### WHAT NEEDS TO BE DONE
Your reply should reproduce each line below exactly and carry none of the pictures.

Top of GIVEN ENTRIES

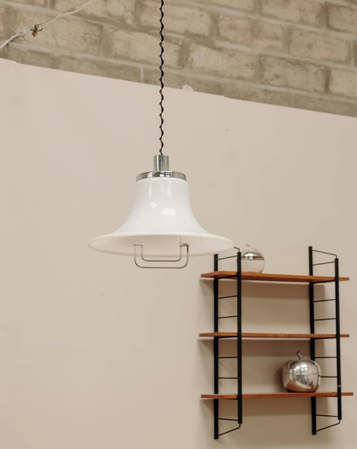 Discover this magnificent vintage Space Age pendant light, an Italian gem from the 1970s. Made of white plastic and accented with chrome, it brings a retro touch to any interior. In very good condition, this iconic light fixture combines functionality and style, perfect for illuminating your space with a touch of timeless elegance. Its bold and futuristic design will make a splash in your decor. Don't miss the opportunity to add this masterpiece to your collection!
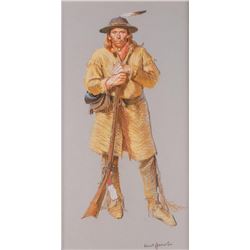 Ned Jacob (1938 - )(CA) Mountain Man 27.5" x 14.5" pastel Signed lower right Verso: Label stating: Ned Jacob, The picture represents a fur...
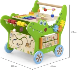 Opdag den multifunktionelle træ-walker i krokodilleform fra VIGA, som tilbyder op til 12 aktiviteter til både leg og læring. Den støtter de første skridt og udvikler fin- og grovmotorik, hånd-øje-koordination og logisk tænkning. Du finder her en xylofon, kugleramme, formsorteringsboks, tandhjul, labyrint og flere elementer, der motiverer børn til bevægelse og opdagelse.
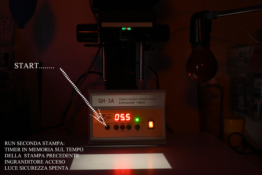 Timer in memoria sul tempo della stampa precedente, premere START, l’ ingranditore si accende, luce di sicurezza spenta
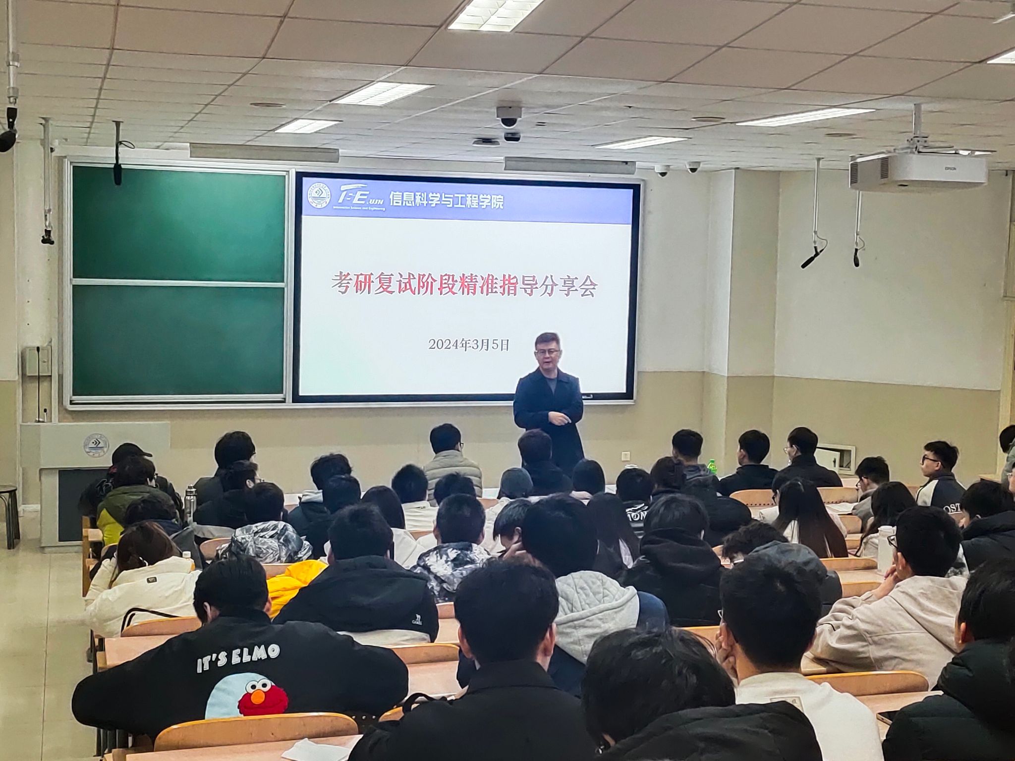 在2021级年级大会上,郝伟从2024年公司学子考研初试实际情况出发,为同学们分析了当前考研形势,表达了对同学们的殷切期望。公司邀请专业老师为大家做考研指导,从考研上岸必备素质、院校专业如何选择、当前阶段复习任务等方面进行了详细介绍。最后,辅导员丁铮结合个人求学经历与工作经验,与同学们进行了关于合理择校、科学备考的交流分享。她鼓励大家将“行动”和“努力”作为新学期的关键词,发扬持之以恒、水滴石穿的精神,增强学习主观能动性,结合个人目标与未来发展方向进行合理规划并付诸实际行动。

Bottom of GIVEN ENTRIES

### TASK OUTPUT
 Discover this magnificent vintage Space Age pendant light, an Italian gem from the 1970s. Made of white plastic and accented with chrome, it brings a retro touch to any interior. In very good condition, this iconic light fixture combines functionality and style, perfect for illuminating your space with a touch of timeless elegance. Its bold and futuristic design will make a splash in your decor. Don't miss the opportunity to add this masterpiece to your collection!
 Ned Jacob (1938 - )(CA) Mountain Man 27.5" x 14.5" pastel Signed lower right Verso: Label stating: Ned Jacob, The picture represents a fur...
 Opdag den multifunktionelle træ-walker i krokodilleform fra VIGA, som tilbyder op til 12 aktiviteter til både leg og læring. Den støtter de første skridt og udvikler fin- og grovmotorik, hånd-øje-koordination og logisk tænkning. Du finder her en xylofon, kugleramme, formsorteringsboks, tandhjul, labyrint og flere elementer, der motiverer børn til bevægelse og opdagelse.
 Timer in memoria sul tempo della stampa precedente, premere START, l’ ingranditore si accende, luce di sicurezza spenta
 在2021级年级大会上,郝伟从2024年公司学子考研初试实际情况出发,为同学们分析了当前考研形势,表达了对同学们的殷切期望。公司邀请专业老师为大家做考研指导,从考研上岸必备素质、院校专业如何选择、当前阶段复习任务等方面进行了详细介绍。最后,辅导员丁铮结合个人求学经历与工作经验,与同学们进行了关于合理择校、科学备考的交流分享。她鼓励大家将“行动”和“努力”作为新学期的关键词,发扬持之以恒、水滴石穿的精神,增强学习主观能动性,结合个人目标与未来发展方向进行合理规划并付诸实际行动。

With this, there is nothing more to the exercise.